What you write must match, character for character, the lines from the one with "펀드평가사 KG제로인(www.Funddoctor.co.kr)이 3월" down to the one with "Hand Carved Mirror" in the listing below, minus its pictures.

Data for this task
+++
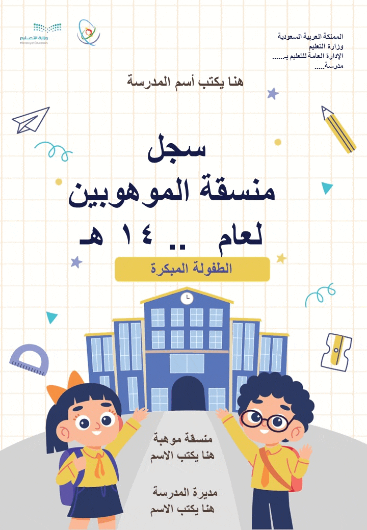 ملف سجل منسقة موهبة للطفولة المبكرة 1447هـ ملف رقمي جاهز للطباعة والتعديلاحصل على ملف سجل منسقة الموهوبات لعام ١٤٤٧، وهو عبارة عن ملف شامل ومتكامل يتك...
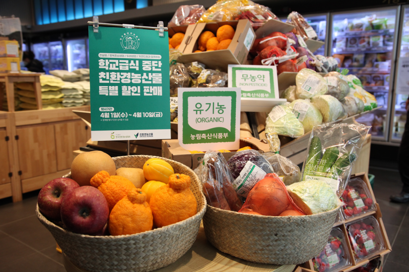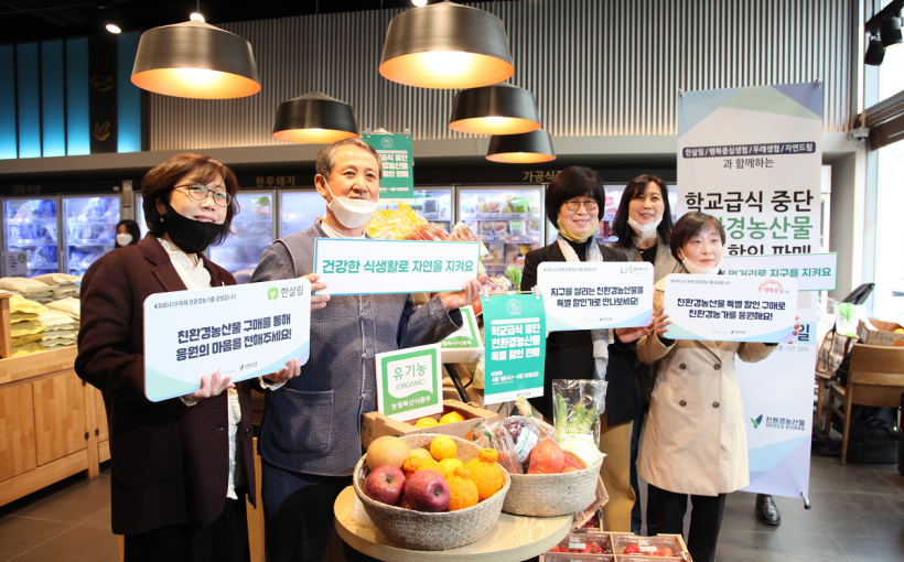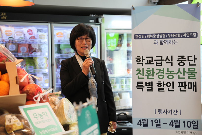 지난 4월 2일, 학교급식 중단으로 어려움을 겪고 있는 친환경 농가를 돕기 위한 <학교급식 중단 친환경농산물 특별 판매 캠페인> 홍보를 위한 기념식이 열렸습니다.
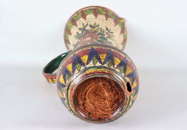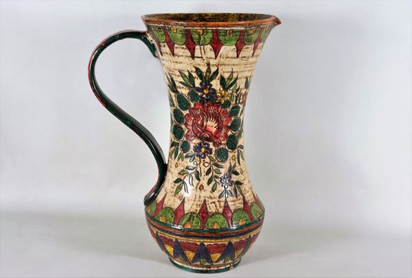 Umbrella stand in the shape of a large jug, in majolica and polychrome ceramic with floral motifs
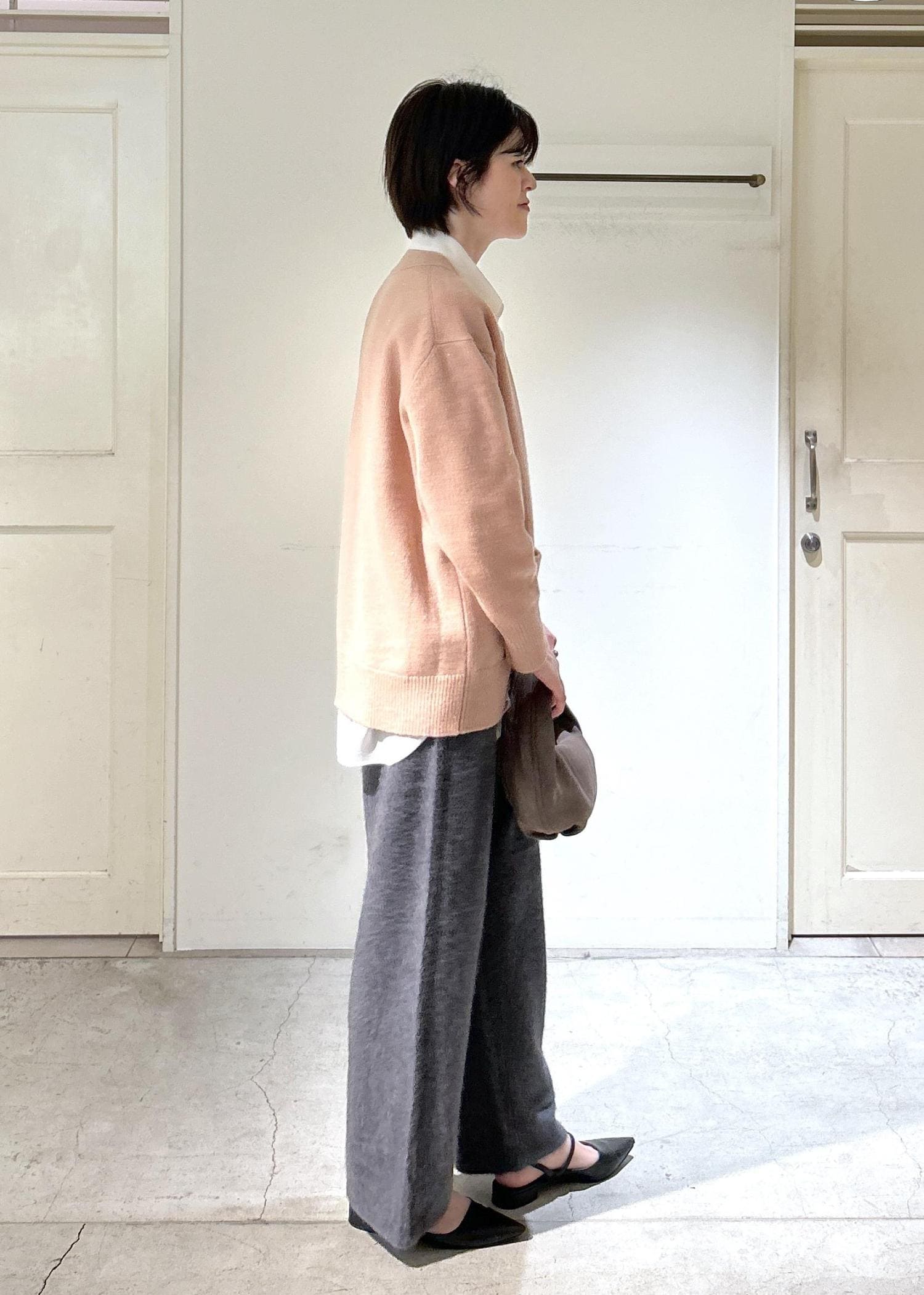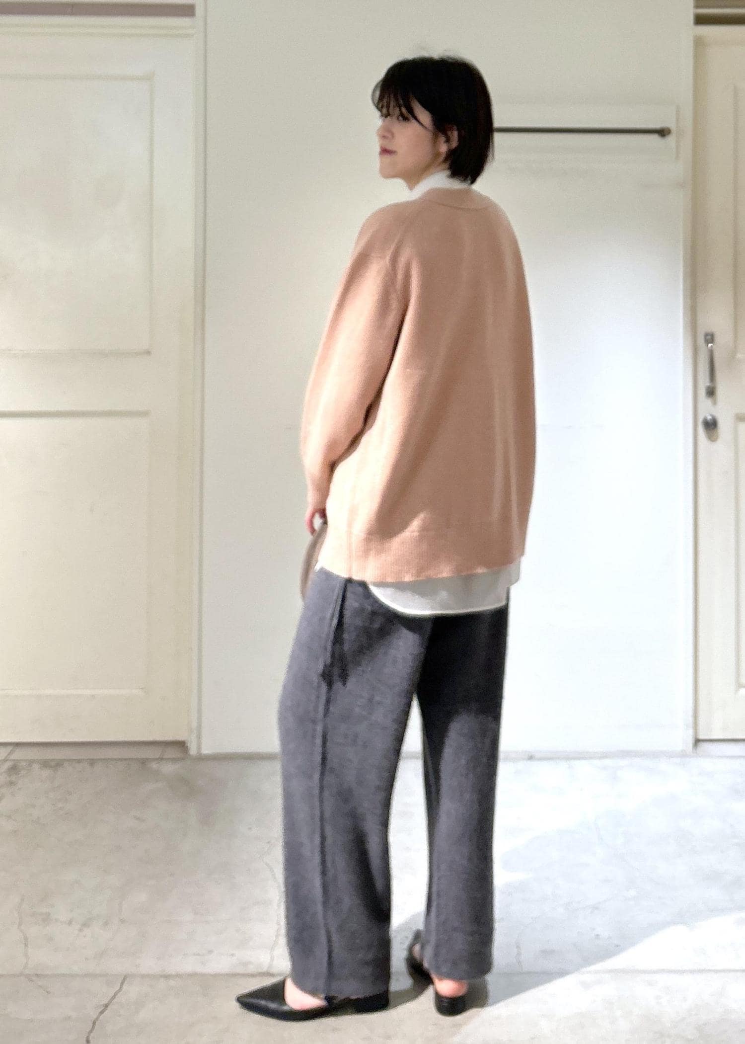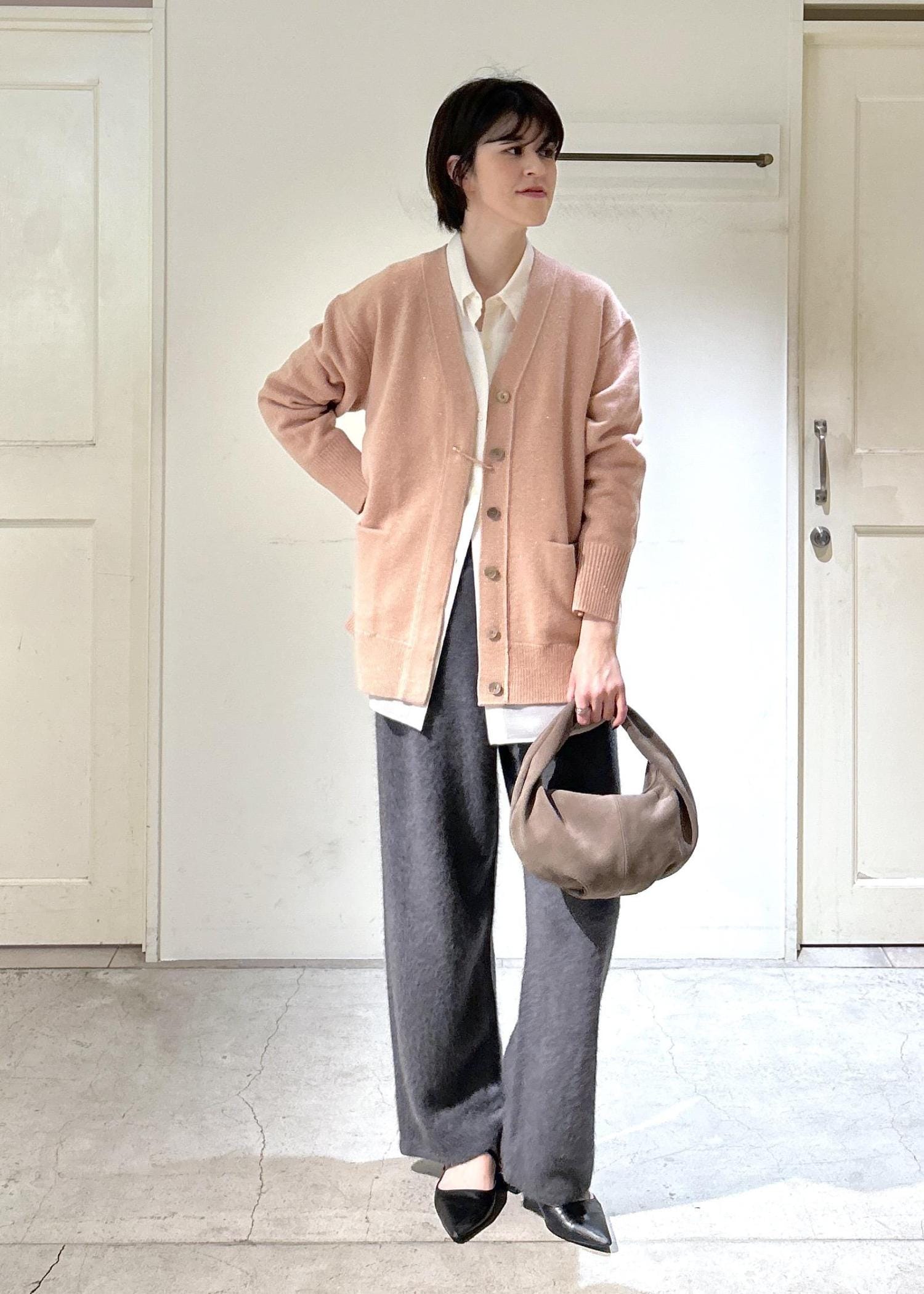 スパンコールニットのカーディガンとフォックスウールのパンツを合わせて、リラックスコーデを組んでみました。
+++
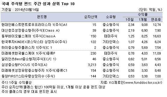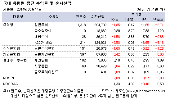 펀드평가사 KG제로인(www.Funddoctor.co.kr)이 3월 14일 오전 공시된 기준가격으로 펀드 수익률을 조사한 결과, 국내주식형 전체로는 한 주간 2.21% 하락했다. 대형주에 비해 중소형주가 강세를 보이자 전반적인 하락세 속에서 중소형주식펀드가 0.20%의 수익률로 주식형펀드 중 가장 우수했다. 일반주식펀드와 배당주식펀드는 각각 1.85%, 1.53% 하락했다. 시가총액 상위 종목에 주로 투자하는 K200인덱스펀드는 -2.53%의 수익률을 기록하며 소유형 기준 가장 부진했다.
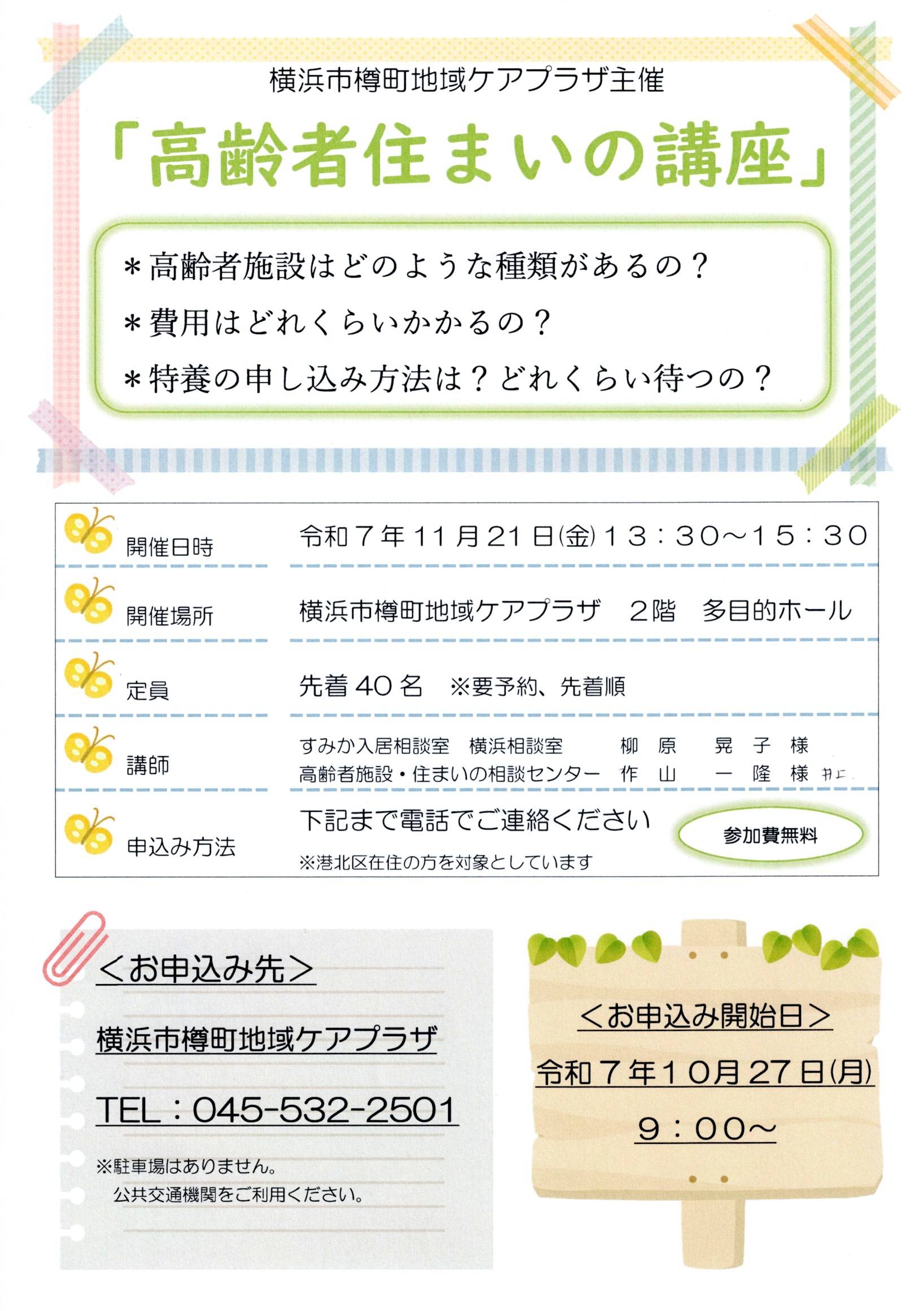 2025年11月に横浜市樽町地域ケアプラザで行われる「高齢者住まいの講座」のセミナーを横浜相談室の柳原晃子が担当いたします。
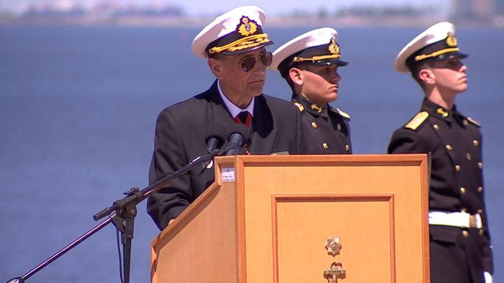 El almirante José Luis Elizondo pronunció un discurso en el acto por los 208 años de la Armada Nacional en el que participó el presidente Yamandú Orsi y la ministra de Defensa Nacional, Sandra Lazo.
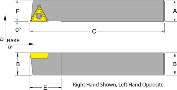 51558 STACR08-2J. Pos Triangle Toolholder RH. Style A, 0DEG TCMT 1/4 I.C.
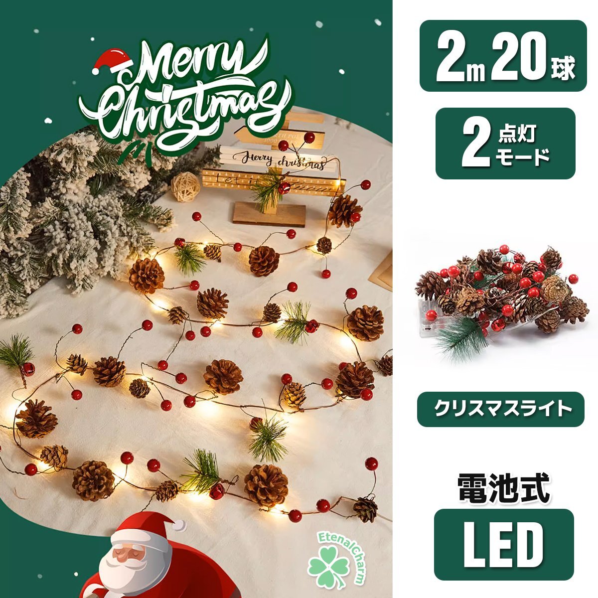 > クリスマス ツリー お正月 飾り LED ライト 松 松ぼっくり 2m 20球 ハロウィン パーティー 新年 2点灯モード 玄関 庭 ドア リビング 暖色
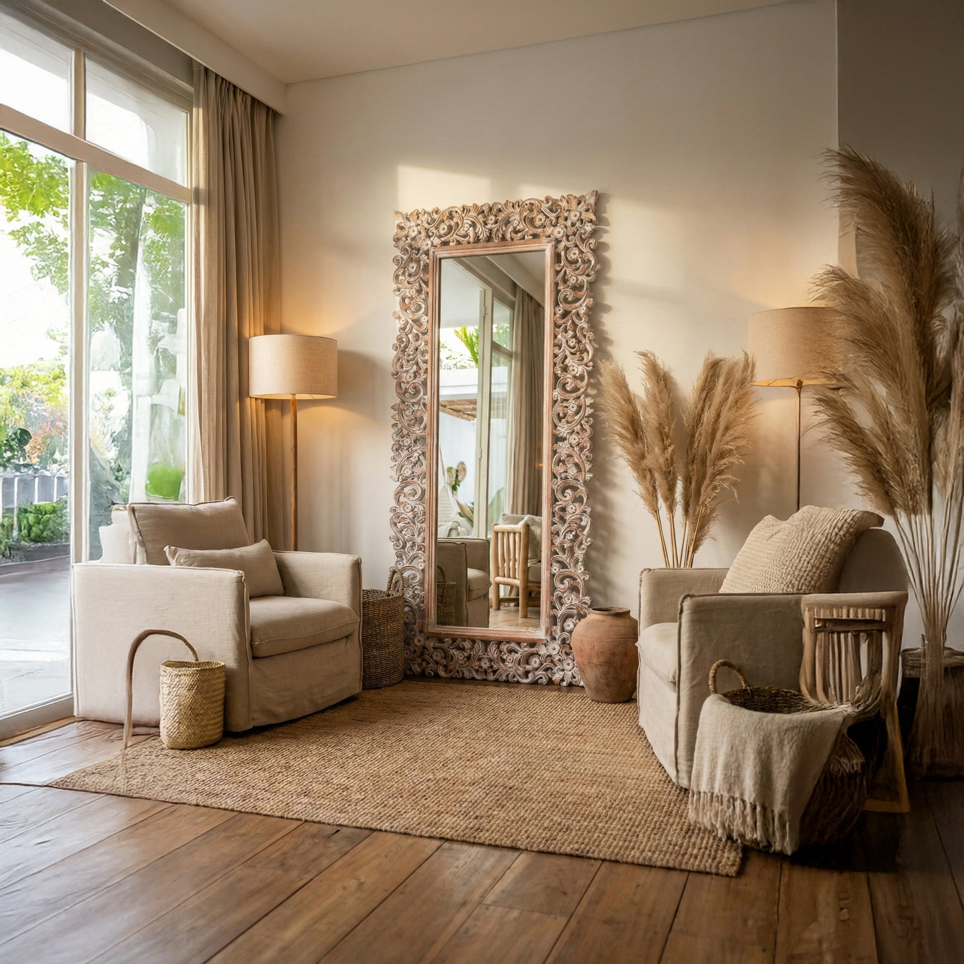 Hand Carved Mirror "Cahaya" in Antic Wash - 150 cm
+++
Answer box
 펀드평가사 KG제로인(www.Funddoctor.co.kr)이 3월 14일 오전 공시된 기준가격으로 펀드 수익률을 조사한 결과, 국내주식형 전체로는 한 주간 2.21% 하락했다. 대형주에 비해 중소형주가 강세를 보이자 전반적인 하락세 속에서 중소형주식펀드가 0.20%의 수익률로 주식형펀드 중 가장 우수했다. 일반주식펀드와 배당주식펀드는 각각 1.85%, 1.53% 하락했다. 시가총액 상위 종목에 주로 투자하는 K200인덱스펀드는 -2.53%의 수익률을 기록하며 소유형 기준 가장 부진했다.
 2025年11月に横浜市樽町地域ケアプラザで行われる「高齢者住まいの講座」のセミナーを横浜相談室の柳原晃子が担当いたします。
 El almirante José Luis Elizondo pronunció un discurso en el acto por los 208 años de la Armada Nacional en el que participó el presidente Yamandú Orsi y la ministra de Defensa Nacional, Sandra Lazo.
 51558 STACR08-2J. Pos Triangle Toolholder RH. Style A, 0DEG TCMT 1/4 I.C.
 > クリスマス ツリー お正月 飾り LED ライト 松 松ぼっくり 2m 20球 ハロウィン パーティー 新年 2点灯モード 玄関 庭 ドア リビング 暖色
 Hand Carved Mirror "Cahaya" in Antic Wash - 150 cm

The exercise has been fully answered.